We will begin on page 177, with the discussion of security policies., which our authors believe are critical to having a functional organization. So what makes a good policy?

  • A policy should not be in conflict with applicable law. (Should not? Maybe the author meant must not.)
  • A policy must stand up in court when challenged. This sounds like the first rule, but it is more about proving the legality of the policy itself, not its being in accord with existing laws.
  • A policy must be properly supported and administered: supported by authority in the enterprise, and implemented and enforced correctly and fairly.
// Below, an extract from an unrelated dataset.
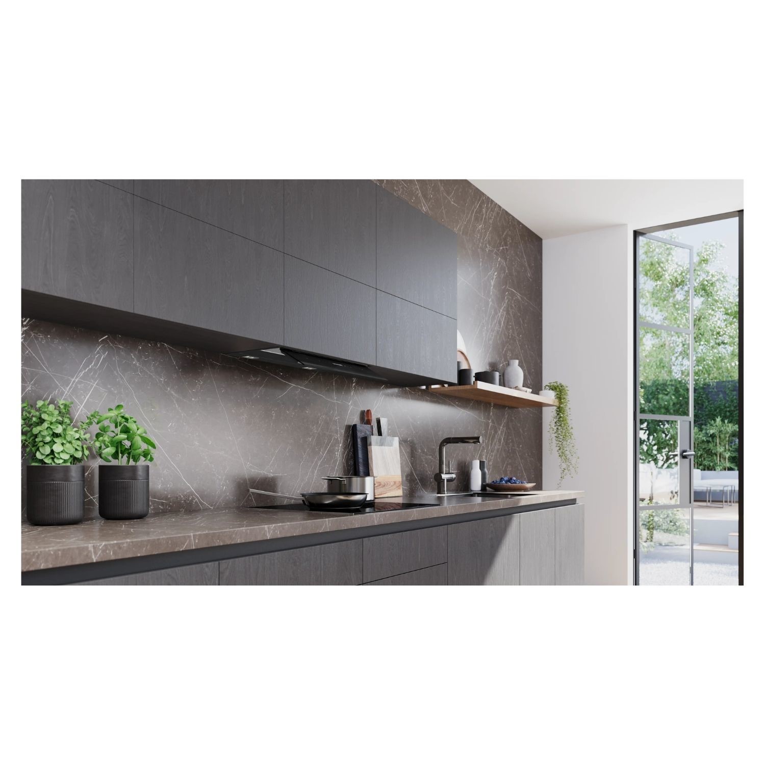 The black matt finish brings modern minimalism to your kitchen. With its premium matt coating, the integrated design hood blends seamlessly into contemporary interiors. The coating not only looks refined — it also reduces the sensitivity to fingerprints, helping your kitchen stay cleaner for longer with minimal effort.

Let's consider some definitions:

  • policy - a plan that influences decisions;
    a guideline for decisions and actions;
    a set of rules about what actions are acceptable and what actions are unacceptable

    The text says that policies are "organizational laws". This is true, but you will lose your audience as soon as you say something that arrogant in a memo or a meeting. Realize that you and your policy committee are not the UN, not the US Congress, not even the Masons or Knights of Columbus. Your employees will not receive a "law" from you, or obey it. They may listen to a new rule, if you explain it correctly.

  • standard - a statement of what must be done to comply with a policy;

    example: a standard might require that workstations bought for use in a particular area (e.g. systems development) must be either of two specific approved workstation models in order to comply with a policy that we only purchase workstations from a short list from a contracted vendor;
    a standard is typically more specific and narrow than a policy, and tells you how do what you need to do so you don't break the rules that apply to a particular job

  • practice - if a policy and its standards are still a bit vague, a practice is document that spells out more specifically what we must do to be in compliance;

    if standards are specific enough, a statement of practice may not be necessary;
    if different work areas, for example, must follow the rules in different ways, they may each have a statement of practice to tell staff how to comply in their jobs

The text has a list of requirements for a policy to be effective:

  • must be properly written - understandable, relevant, clear
  • must be distributed - although the historical legend about ignorance of the law not being an excuse, it is not sensible to expect staff to comply with a policy they are not told about
  • must be read - if we email a policy statement to all employees, does that guarantee that they all will read it?
  • must be understood and agreed to - it is frequently amazing that people will agree completely with a policy as long as it applies to someone else, not them
  • must be uniformly applied - the rules should be the same rules for everyone, or the policy will cause those who must follow it to resent those who do not and those who make and enforce the rules

The points above are sensible but arguable. Have you ever worked someplace where all the rules apply equally to all employees? If so, it must not have been a very large organization.

The text describes three types of policies. The types vary by the scope of their policies, what they affect, and who they affect:

  • Enterprise information security policies - policies that apply to an entire organization
  • Issue-specific security policies - policies that apply to a particular technology or problem, which may only concern staff who are concerned with the issue; concerned with usage and operational rules for specific systems
  • Systems-specific security policies - may be standards for setting up or maintaining systems; policies that apply to a particular system, such as the Law Enforcement Information Network, a system that is primarily used by police officers. There is an enterprise policy about this system: no one may use it but authorized personnel. All other policies are system-specific, and are made known to authorized users.

A security management model is meant to be a generic description of what an organization should do to provide a secure environment for itself. It is generic in that it describes what should be done, but not how to do it, which makes it flexible enough to be used by many kinds of organizations. The text states on page 190, that you should choose a model for your organization to follow that is "flexible, scalable, robust, and sufficiently detailed". Many security management models exist, some of which are discussed in detail in the chapter.

Once your organization chooses a security management model, it should create a custom version of it that applies to your organization. The text refers to this as your security blueprint. In the course of developing your security blueprint, you may need to create an outline to follow, which the text calls your security framework. This is confusing because the text explains these words in terms of each other, and also refers to some standards as frameworks. Close your eyes, shake your head, and let's try again.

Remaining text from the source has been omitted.